In machine learning, reinforcement learning from human feedback (RLHF) or reinforcement learning from human preferences  is a technique that trains a "reward model" directly from human feedback and uses it as a reward function to optimize an agent's policy using  reinforcement learning (RL). RLHF can improve the robustness and exploration of RL agents, especially when the reward function is sparse or noisy.

The human feedback is collected by asking humans to rank instances of the agent's behavior. These rankings can then be used to score outputs, for example, using the Elo rating system.

RLHF has been applied to various domains of natural language processing, such as conversational agents, text summarization, and natural language understanding.

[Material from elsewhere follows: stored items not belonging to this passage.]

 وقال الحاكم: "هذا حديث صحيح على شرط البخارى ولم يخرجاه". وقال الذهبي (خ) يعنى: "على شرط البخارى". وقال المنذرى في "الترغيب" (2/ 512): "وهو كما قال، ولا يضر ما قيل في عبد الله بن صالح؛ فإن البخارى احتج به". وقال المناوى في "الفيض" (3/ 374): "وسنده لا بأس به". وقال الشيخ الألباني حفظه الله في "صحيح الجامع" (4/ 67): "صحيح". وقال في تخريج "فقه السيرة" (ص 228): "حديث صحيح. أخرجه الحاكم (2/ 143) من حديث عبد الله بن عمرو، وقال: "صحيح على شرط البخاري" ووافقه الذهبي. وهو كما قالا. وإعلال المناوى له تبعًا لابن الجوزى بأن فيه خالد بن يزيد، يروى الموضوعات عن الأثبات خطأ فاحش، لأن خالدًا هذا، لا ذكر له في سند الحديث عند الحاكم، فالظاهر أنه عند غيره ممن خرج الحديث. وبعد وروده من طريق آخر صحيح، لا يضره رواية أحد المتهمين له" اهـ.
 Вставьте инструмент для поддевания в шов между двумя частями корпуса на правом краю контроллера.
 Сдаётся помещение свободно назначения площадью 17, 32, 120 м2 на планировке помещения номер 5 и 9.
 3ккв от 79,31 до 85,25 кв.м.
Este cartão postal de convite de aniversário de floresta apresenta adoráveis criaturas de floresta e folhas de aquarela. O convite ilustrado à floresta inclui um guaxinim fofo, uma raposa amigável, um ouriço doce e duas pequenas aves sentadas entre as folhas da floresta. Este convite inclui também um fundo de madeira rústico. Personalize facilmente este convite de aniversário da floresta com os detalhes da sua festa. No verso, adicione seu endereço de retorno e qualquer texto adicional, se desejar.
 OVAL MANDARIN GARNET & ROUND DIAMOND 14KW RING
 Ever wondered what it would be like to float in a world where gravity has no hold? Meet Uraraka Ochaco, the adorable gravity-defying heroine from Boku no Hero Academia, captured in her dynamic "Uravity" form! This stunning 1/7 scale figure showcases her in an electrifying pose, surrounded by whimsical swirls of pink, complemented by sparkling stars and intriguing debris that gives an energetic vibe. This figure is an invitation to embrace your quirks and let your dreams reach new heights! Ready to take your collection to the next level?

Regular reinforcement learning, where agents learn from their own actions based on a "reward function", is difficult to apply to natural language processing tasks because the rewards are often not easy to define or measure, especially when dealing with complex tasks that involve human values or preferences. RLHF can enable language models to provide answers that align with these complex values, generate more verbose responses, and reject questions that are either inappropriate or outside the knowledge space of the model. Some examples of RLHF-trained language models are OpenAI's ChatGPT and its predecessor InstructGPT, as well as DeepMind's Sparrow.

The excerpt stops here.